Why it matters
Stubbornly high inflation sent many consumers across the continent into a cost-of-living crisis, forcing them to cut back significantly over the period. Spending in the eurozone fell by 0.3 percent in the first three months of this year, following a 1 percent drop in the previous quarter. Imports also fell sharply as demand for goods and services declined.
Government spending, which soared during the pandemic lockdowns, also fell sharply, contracting 1.6 percent in the first quarter from a year earlier.
The downturn mirrors a contraction in Germany, the eurozone’s largest economy, which reported last month that data for the first three months of the year showed the economy had slipped into recession amid the energy price shock.
But Thursday’s report showed mixed results across the region as southern European economies, including Spain, Italy and Portugal, all posted strong growth rates, while Germany and the Netherlands contracted and France grew only slightly.
Since the spring, Europe’s overall economy has picked up pace slightly and the European Commission has raised its growth forecast, forecasting growth of 1.1 percent this year and 1.6 percent in 2024.
“Looking ahead, we think consumer spending will now recover slightly as inflation eases, and we also think government spending will pick up,” Claus Vistesen, chief eurozone economist at Pantheon Macroeconomics, wrote in a note. “But this boost is likely to be offset by a continued decline in investment and a further reduction in inventories, due to tightening credit conditions.”
Background
Governments had hoped to avoid a recession after spending lavishly during the winter months to shield households and businesses from skyrocketing energy and food costs exacerbated by Russia’s war in Ukraine. Countries across Europe quickly built up energy reserves, and a mild winter, along with massive conservation efforts, helped avert the worst.

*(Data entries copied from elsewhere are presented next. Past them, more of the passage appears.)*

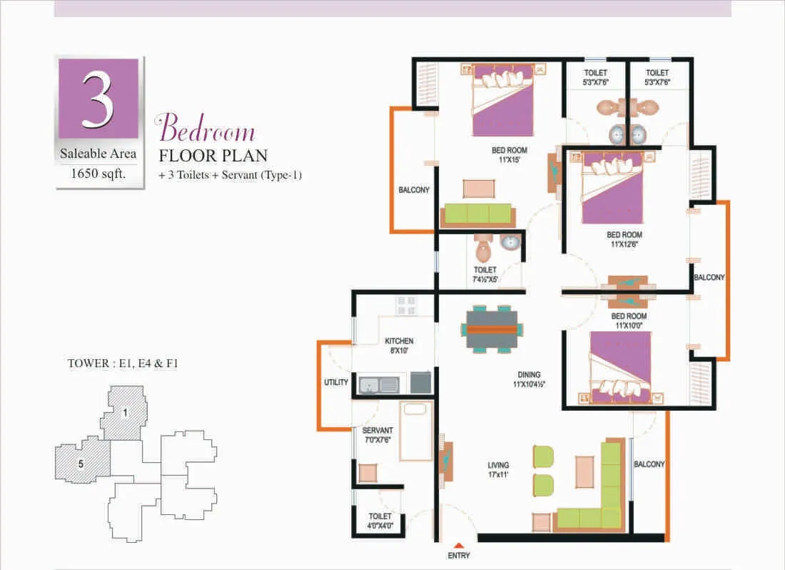 | 3 BHK + 2 Toilets | 1095 Sq.Ft | |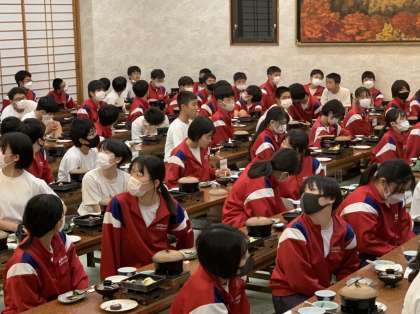 入浴時間にゆとりを持たせるために、日程を変更し、部屋長会議をなくして夕食後に打合せを行いました。3分の2が終わった修学旅行。残りも協力し合って頑張ろうという意思が、聞く態度に表れていました。
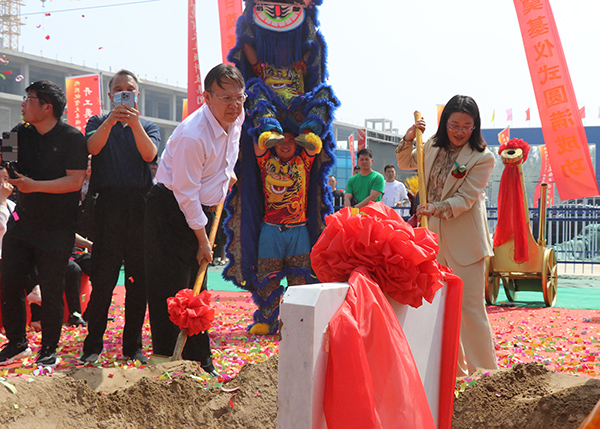 发言结束后,主席台上的主要领导及嘉宾移步到启动杆前,在主持人指令下,缓缓推动了开工仪式启动杆。最后大家一同拿起铁锹为项目奠基碑培上第一铲土,宣告项目动工兴建正式开始,现场顿时掌声雷动,礼炮齐鸣,挖掘机、翻斗车等机械设备鸣笛庆贺,将开工典礼仪式推向高潮。

The strategy has helped lower energy prices and inflation in the eurozone’s major economies has climbed from record highs. In May, annual inflation stood at 6.1 percent, the lowest level in the eurozone in more than a year.
But the price of food and a range of services has continued to rise at an uncomfortably high rate, raising the likelihood that the European Central Bank will continue to raise interest rates at its forthcoming meetings. The International Monetary Fund has warned that the main challenge for European policymakers this year would be to contain inflation without triggering a serious recession.
What’s next
Analysts said the downturn was mild and unlikely to weigh on an economic recovery from the pandemic, but it nonetheless indicated growth would remain tepid for the rest of the year.
“It is difficult to argue that this is a recession,” ING Bank said in a note to customers. “However, the economic stagnation marks a clear break from the recent post-pandemic boom.”
The next monetary policy meeting of the European Central Bank is on June 15.